The present pursues a past future


Vygotsky's Sociohistorical Psychology and its Contemporary Applications
By Carl Ratner
New York: Plenum Press, 320 pp
Reviewed by Dave Riley

Psychological theories are eminently political. Psychological doctrine percolates into popular awareness and influences us greatly. What we think about ourselves, our expectations, how we treat others, how we comprehend the causes of personal problems, what kinds of solutions we believe are possible and the public policies we endorse are mixed up with our belief in how we and others think.

"The fault, dear Brutus, is not in our stars", wrote Shakespeare in Julius Caesar, "But in ourselves, that we are underlings". Performed in modern dress, the same stuff struts and frets today. Either the problem in ourselves is encoded in our genes — and we are stuck with it — or we each, individually, just haven't found the right script yet. It must be in us rather than outside us that our problems lie.

The sociohistorical psychology developed by Lev Vygotsky changes that around completely. Indeed, it turns modern psychology on its head.

Vygotsky was infused with the energy of the Russian Revolution of 1917. He wanted a psychology that was relevant to the times and that would give some substance to the task of building a new society. Instead of reducing psychology to individual activity, he placed it squarely within human management and social process.

Vygotsky saw language and mental powers as neither learned, in the ordinary way, nor emerging in set genetically determined stages, but as social and mediated in character. Language itself was an instrument that internalised culture for the processes of thought. For him, language was both a result of historical forces that gave it shape, and a tool that shaped thought itself.

Vygotsky's work was so ahead of its time in the 1920s and '30s that one of his contemporaries described him as "a visitor from the future". His work aroused great suspicion among Stalinist ideologues, and his major text, Thought and Language, which was published posthumously in 1934, was banned and suppressed a few years later.

His work and theories, which could no longer be mentioned publicly, were treasured by his pupils and colleagues. It was only during the late '50s that his associate A.R. Luria managed to get some of his works republished. In the past 20 years much research has finally caught up with Vygotsky's ideas so that now, at least in the United States, there is a resurgence of interest in his Marxist-based theories of mental phenomena.
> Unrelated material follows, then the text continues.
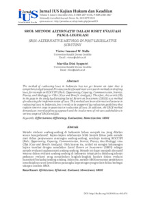 Metode evaluasi undang-undang di Indonesia belum menjadi isu yang dibahas secara komprehensif. Kajian-kajian sebelumnya lebih banyak fokus pada metode riset dalam penyusunan rancangan undang-undang, misalnya tentang ROCCIPI (Rule, Opportunity, Capacity, Communication, Interest, Process, dan Ideology) atau CBA (Cost and Benefit Analysis). Oleh karena itu, artikel ini mengisi kekosongan kajian tersebut dengan membahas Social Return on Investment (SROI) sebagai metode evaluasi implementasi undang-undang. Metode ini dapat menjadi alternatif wacana dalam evaluasi undang-undang di Indonesia tetapi perlu didukung adanya pedoman evaluasi yang menjelaskan langkah-langkah konkrit dalam evaluasi kuantitatif terhadap undang-undang. Selain itu, metode SROI menuntut pendekatan interdisipliner serta keterlibatan pemangku kepentingan yang terkait dalam berbagai tahapan analisis SROI.

For political activists, this is extremely relevant. There tends to be an unholy division between what is viewed as the public domain and what is seen as the personal and private psyche. The many attempts to enlist any number of psychological doctrines into a theory of liberation all seem to flounder in a crude simplicity more hopeful than scientific. This is not the case with sociohistorical psychology.

Vygotsky's ideas are so different from what we normally perceive to be psychology that they don't lend themselves to a quick summary.

Other theories suffer from the shortcoming that they start from the individual consciousness. However, living in a society is the nucleus and foundation of all mental development and all human culture. The simplest facts of thought from which we start out already possess a collective character. Each word, each conception and each thought which we experience in ourselves and which we accept as "given" has been inspired by community life. Even our emotions are cultural artefacts.

Carl Ratner's study of Vygotsky's psychology attempts to consolidate it by drawing on recent research so that its contemporary relevance sparkles. The mental processes of the western individual are falsely universalised without evidence (90% of all psychological research is monocultural). Ratner

therefore relies heavily on cultural anthropology to retrieve data that suggest immense variation in the nature and process of human thinking.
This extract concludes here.